* WORK REQUEST
In the records below, the lines between the one holding "AI Generated. Assorted" and the one holding "公司的核心竞争力仍体现在营运", inclusive, are to be transcribed exactly; no pictures are to be included.

* RECORDS
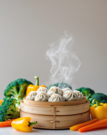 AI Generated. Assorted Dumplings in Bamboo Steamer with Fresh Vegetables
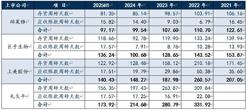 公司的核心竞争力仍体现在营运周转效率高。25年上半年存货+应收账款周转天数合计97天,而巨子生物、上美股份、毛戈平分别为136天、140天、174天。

==

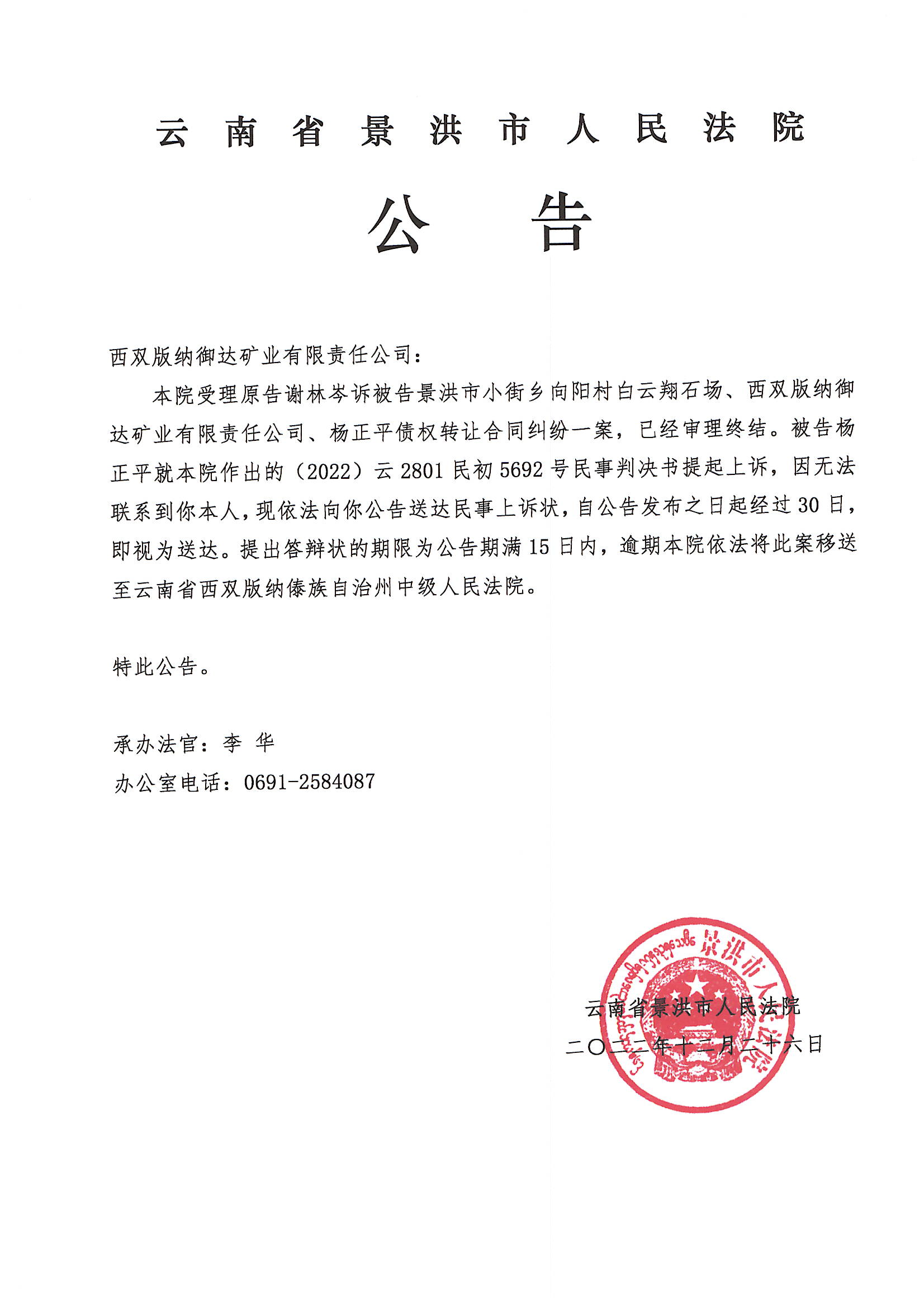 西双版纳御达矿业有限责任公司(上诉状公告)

* * *

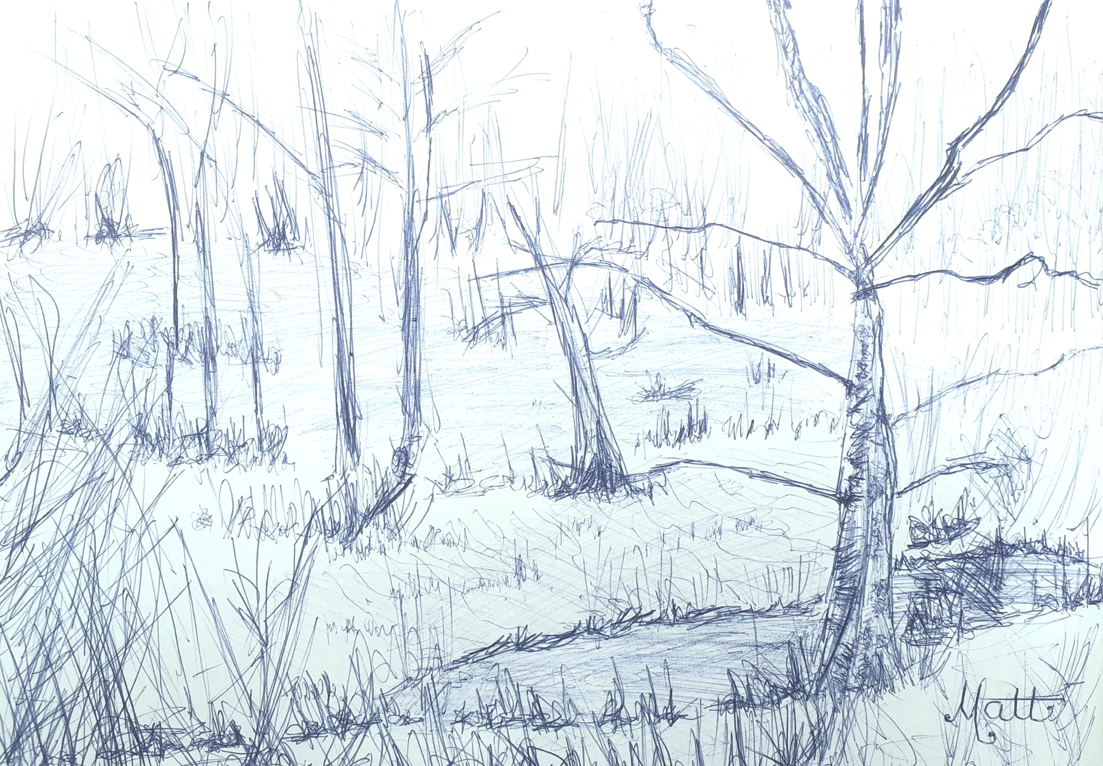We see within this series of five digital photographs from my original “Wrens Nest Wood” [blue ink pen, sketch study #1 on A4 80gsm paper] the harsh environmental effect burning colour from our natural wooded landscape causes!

* RESPONSE TO THE TASK
 AI Generated. Assorted Dumplings in Bamboo Steamer with Fresh Vegetables
 公司的核心竞争力仍体现在营运周转效率高。25年上半年存货+应收账款周转天数合计97天,而巨子生物、上美股份、毛戈平分别为136天、140天、174天。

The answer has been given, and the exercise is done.